Most associate drilling for oil and gas as highly destructive procedures, which quickly degrade the environment and essentially decimate any region which succumbs to the pressure of gas corporations to drill on their land.  We will start by examining the possibilities of the available resources:

 

In January 2008, Penn State University professor Terry Engelder estimated the Marcellus Shale deposits to hold 170 TCF (Trillion cubic feet) of mineable natural gas.
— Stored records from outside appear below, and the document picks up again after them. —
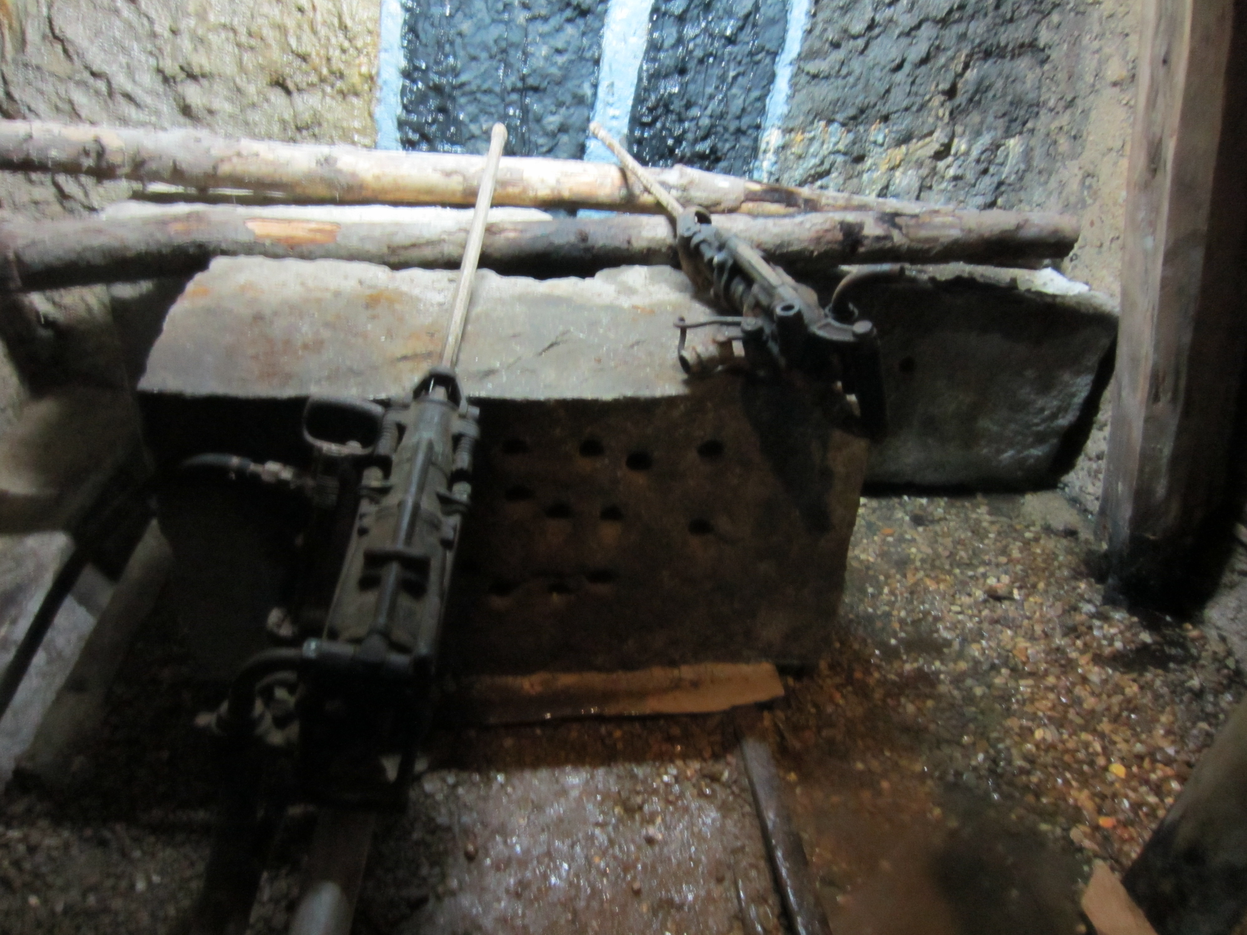 No importaba; lo que importaba de verdad era no tentar la suerte una vez más, sino más bien conformarnos con una rápida foto del grueso bloque de hormigón junto con dos especies de fusiles, unos martillos perforadores neumáticos, que descansaban frente a nosotros, para salir de allí cuanto antes, sin perder tiempo en buscar “mi tesoro”, es decir, mis supuestas y deseadas piedras preciosas del principio del recorrido -¡no pensaba acabar como Gollum por culpa de mi codicia!-.
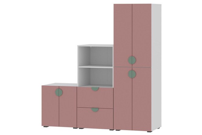 The facades do not have drilling for a certain size and type of handles. You can choose from different handle options for them. Additionally, you can purchase high legs: different leg options to choose from.
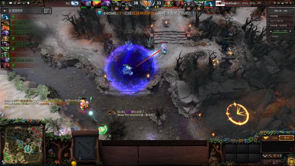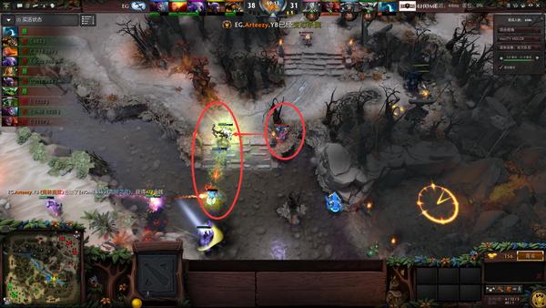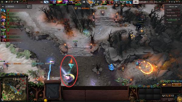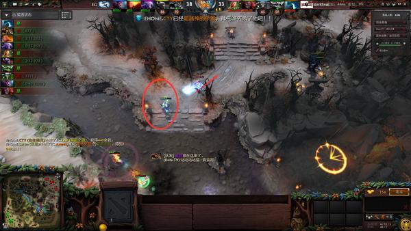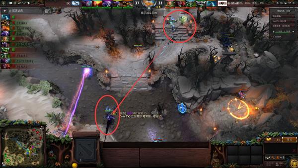 夜宴河道位置,一直在ROSHAN坑里藏着的国土莱恩迅速跳出来到ROTZ侧面,羊了宇宙哥虚空

To put this number in perspective, according to the U.S. Energy Information Administration (USEIA) in 2009 a total of 20.9 Trillion cubic feet of natural gas was delivered to consumers (with 31 Million for vehicle fuel, 4.7 Billion for private residences, and 3.1 Billion for commercial use- not including power plants).  According to these numbers, if the entire supply is mineable, enough gas could be recovered to satisfy the total national consumption for roughly 8 years.  However, after preliminary drilling results, Engelder updated his results in November 2008 claiming the total mineable region of Marcellus Shale contained 363 TCF of recoverable gas (roughly twice the original estimate).  In this announcement he claimed the entire deposit contained roughly 4,359 TCF of gas – assuming a 30% recovery rate (taking possible future mining technology developments into account) this would provide the U.S. with 1,307 TCF natural gas (3.6x the current mineable quantity).

 

On a more local level, Marcellus Shale has been providing gas companies with profits since drilling began.  CNX (NYSE: CNX) gas corporation, a subsidiary of Consol formed for research and development regarding Marcellus shale, has just completed a new well in the region (named GH2BCV) which has been producing gas for roughly a month (with an average of 4.9 MMcfd natural gas).  This is just one example of the several wells CNX has constructed since late 2008.  One of the main reasons companies have only recently started drilling for Marcellus shale is the low rate of returns.  Natural gas (the primary derivative of Marcellus shale) currently costs $11.59/mcf, which provides producers with positive returns, however once the prices dip below around $7.00, the companies are no longer seeing profits, and it is no longer economically feasible to produce.

 

A lot of controversy has risen lately regarding the environmental effects of drilling, and harvesting natural resources.  The process utilized by all companies mining Marcellus is known as horizontal hydraulic fracturing.  This is comprised of drilling one path vertically downward, curving the path in any direction, 360 degrees, pumping salt water into the drilled hole- fracturing the shale which releases the gas.  This process does minimal destruction to the surface, with the most damage being done by the setting up of the drill platform.  However, shortly after the drill is finished, it can be removed and replaced by a well head, allowing foliage to grow back.  In addition, what to do with wastewater from the drilling procedure has come under question.  As of January 17, 2010, companies mining the shale have subjected themselves to regulation established by the State legislature (working with PennEnvironment).  Using these guidelines, the wastewater is expected to be used as gray water after extensive treatment (only increasing price the price of natural gas by $0.25/barrel).

 

CNX is not the only company vying for a position to continue drilling for natural gas in the Appalachian region, Statoil (NYSE: STO, a Norwegian petroleum producer) on March 26 2010, purchased 59,000 acres of the Marcellus region in order to expanding their drilling operations.  The company expects to pump 50,000 barrels of oil equivalent per day by mid 2012.  Chesapeake Oil (NYSE: CHK) recently announced that its 60 wells combined are producing 100 Million cubic feet a day.  This currently expanding industry is providing more jobs in the region, seeing as the earliest wells were started in 2008.  According to the report issued by Penn State University, drilling for natural gas can create as many as 107,000 jobs in PA alone in 2010.  In addition, more employment would arise from industries such as communications developing after mining (as many of these jobs are expected to be construction as drilling).  As the recession started to set in, natural gas drilling began to grow- offering alternatives to those seeking employment, and providing domestic energy solutions in an effort to curb dependence on imports.